Modify the -H argument in dockerd command to use unix socket rather than fd, change the line to

ExecStart=/usr/bin/dockerd -H unix:///var/run/docker.sock --containerd=/run/containerd/containerd.sock

Save the file (in vim, command model, zz), then reload

sudo systemctl daemon-reload

Then, restart docker daemon

sudo systemctl restart docker

After docker daemon restart finishes, you should be able to see the socket file

ll /var/run/*.sock

docker cli should work now. Try something like

docker ps

Hope will help to solve your problem.

Han Ye
  • 181
1

For people like me who don't like editing files installed by package managers and/or want to avoid the hassle of re-editing after any update, I found this SO answer which pairs well with Han Ye's answer: https://stackoverflow.com/a/46204391/10464267

Edit: (thanks for the nice advice in comments! ❤️)
As mentioned in the above link, systemd supports "drop-in" files, which allow changing the default behaviour of any unit, including the ones installed by your package manager.

The simplest way to do so is to use the following command:

sudo systemctl edit docker.service --drop-in=fix-sockets

This will open a file with your default editor containing

### Editing /etc/systemd/system/docker.service.d/docker.conf
### Anything between here and the comment below will become the contents of the drop-in file

Edits below this comment will be discarded

/usr/lib/systemd/system/docker.service

...

where # ... is the actual content of the original unit you're overriding, commented.

You will need to edit this file with to look like this:

### Editing /etc/systemd/system/docker.service.d/docker.conf
### Anything between here and the comment below will become the contents of the drop-in file

[Service] ExecStart= ExecStart=/usr/bin/dockerd -H unix:///var/run/docker.sock -H fd:// --containerd=/run/containerd/containerd.sock

Edits below this comment will be discarded

Save, exit, and that's it!
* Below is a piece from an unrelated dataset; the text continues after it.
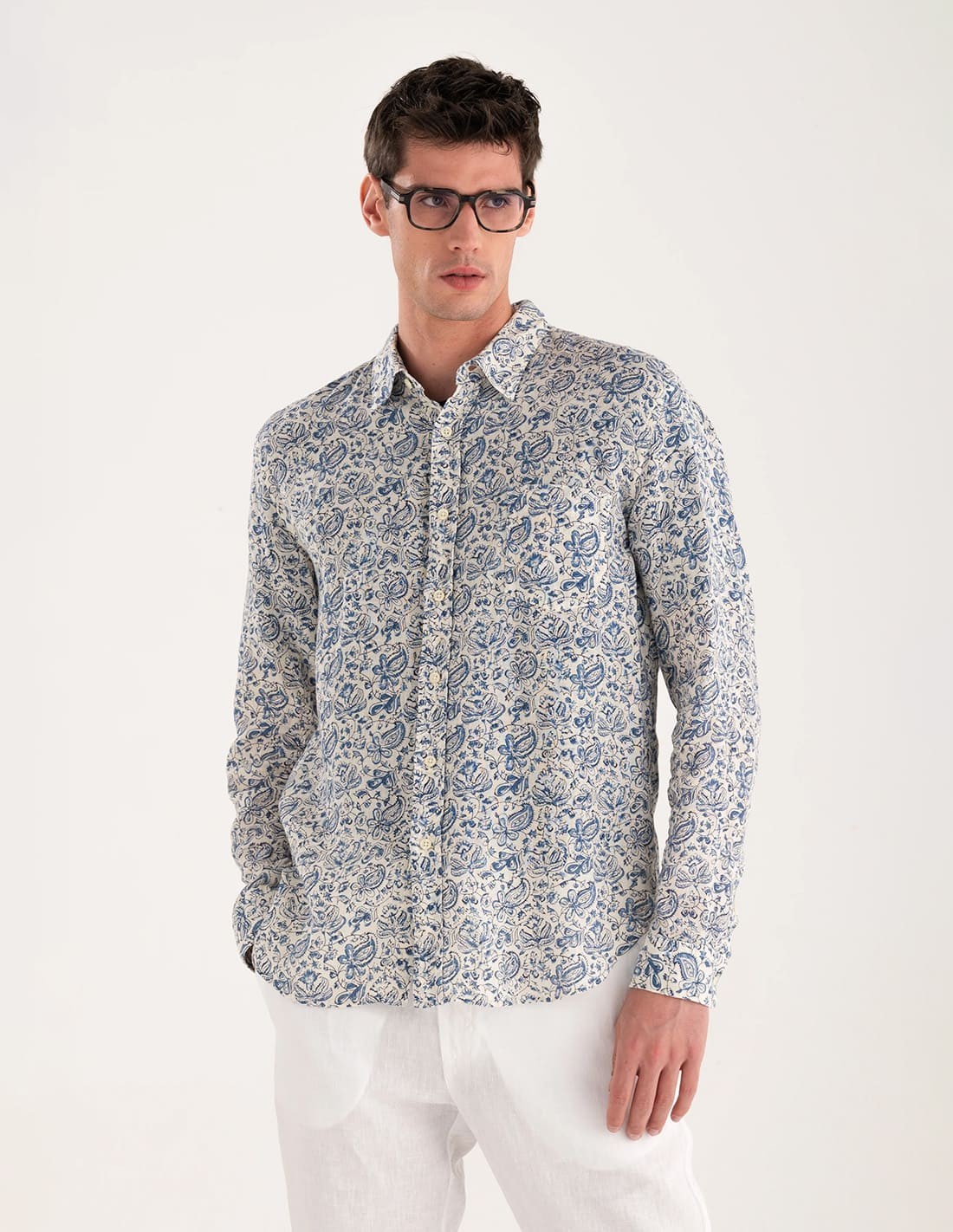 ΠΟΥΚΑΜΙΣΟ FLORAL PRINTED LINEN POCKET REGULAR FIT

The drop-in is created, and the unit should be automatically reloaded with your new overrides taken in account.
However if that is not the case, you can force it by running these two commands in order:

sudo systemctl daemon-reload
sudo systemctl restart docker.service

Notes:

  • I chose to call the drop-in "fix-sockets", but you can name it anything you like.
  • Do not omit the first empty ExecStart=: it is necessary to erase the original service's ExecStart= directive.
  • This answer also implements Eyad Ahmed's comment, listening to both the unix:// and fd:// sockets in order to avoid breaking any existing socket.
  • You can also create drop-ins manually by creating /etc/systemd/system/<unit>.d/<drop-in>.conf, where <unit> is the name of the unit (i.e. docker.service) and <drop-in> is the name of the drop-in (i.e. fix-sockets), then running the two aforementioned commands to force a reload.